# Decision Making Among Older Adults: "Firearm Retirement"

> **NIH NIH R01** · UNIVERSITY OF COLORADO DENVER · 2020 · $309,621

## Abstract

7. PROJECT SUMMARY
Cars and guns: both are often linked to perceptions of youth, independence, and strength, but both can also
pose injury risks for older adults with declining physical or cognitive capacity. Decisions about “driving
retirement” are emotionally difficult for older adults, their family members, and their providers – and they are
the focus of our study team's parent R01 study (R01AG059613). Now, with this supplemental NOSI funding,
we will expand our work to explore stakeholder views about “firearm retirement” to inform our development of a
culturally competent prototype intervention. Prior work shows that, for driving, older adults want to make
decisions themselves and they want time to prepare for transitions. A critical knowledge gap is how to engage
older adult firearm owners – before onset of dementia or acute suicide risk – in making similarly autonomous,
person-centered plans for voluntary, future firearm retirement. There is a glaring dearth of resources related to
firearm retirement. This NOSI proposal builds on preliminary and ongoing work and is responsive to the RFA's
call for “innovativeand culturally competent interventions.” Over a one-year period,our multi-disciplinary,
established study team will use qualitative methods to explore the views of key stakeholders: older (≥65 years)
adults who own firearms and drive (n=40 male; n=40 female); family members of older firearm owners (n=20);
clinicians caring for older adults (n=20); and representatives from relevant organizations (e.g., NRA, AARP;
n=25).

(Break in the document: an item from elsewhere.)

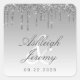 Ces autocollants de mariage sont dotés d'une parties scintillant brillante en argent faux bordure supérieure sur un arrière - plan argenté à l'ombre. Personnalisez-les avec les noms de la mariée et du marié dans un élégant script gris foncé superposé sur un symbole d'esperluette blanche, avec la date mariage ci-dessous en gris foncé sans serif police.

Through these sessions, we aim to: (1) explore diverse stakeholder perspectives to develop a
conceptual framework of firearm retirement and compare emerging concepts/constructs to theoretical
frameworks informing driving retirement; and (2), informed by key insights from Aim 1, develop a culturally
competent prototype intervention (i.e., tailored approaches, delivery settings, and tools) to promote firearm
retirement. Our underlying hypotheses are: (1) firearm retirement will strongly parallel key (but not all) aspects
of driving retirement and views will vary by subgroups (e.g., gender, Veteran status, rural location, frequency of
carrying firearms) and context (e.g., desire for suicide due to illness-related loss of dignity); and (2)
stakeholders will recommend a multi-modal approach of resources, with identification of modifiable barriers,
facilitators, and key factors for consideration in message delivery (e.g., credibility or legitimacy, trust, empathy).
The proposed research will fill a critical need for usable tools to help older adults consider firearm retirement,
thereby helping reduce firearm injuries and deaths while respecting and promoting older adult independence,
autonomy, and rights. The aging of the U.S. population underscores the urgency of these issues, and our
proposed work will provide the scientific foundation for future implementation and evaluation of person-
centered tools in real-world settings.

## Key facts

- **NIH application ID:** 10164551
- **Project number:** 3R01AG059613-02S1
- **Recipient organization:** UNIVERSITY OF COLORADO DENVER
- **Principal Investigator:** Marian Elizabeth Betz
- **Activity code:** R01 (R01, R21, SBIR, etc.)
- **Funding institute:** NIH
- **Fiscal year:** 2020
- **Award amount:** $309,621
- **Award type:** 3
- **Project period:** 2019-05-01 → 2021-06-30

## Primary source

NIH RePORTER: https://reporter.nih.gov/project-details/10164551

## Citation

> US National Institutes of Health, RePORTER application 10164551, Decision Making Among Older Adults: "Firearm Retirement" (3R01AG059613-02S1). Retrieved via AI Analytics 2026-05-23 from https://api.ai-analytics.org/grant/nih/10164551. Licensed CC0.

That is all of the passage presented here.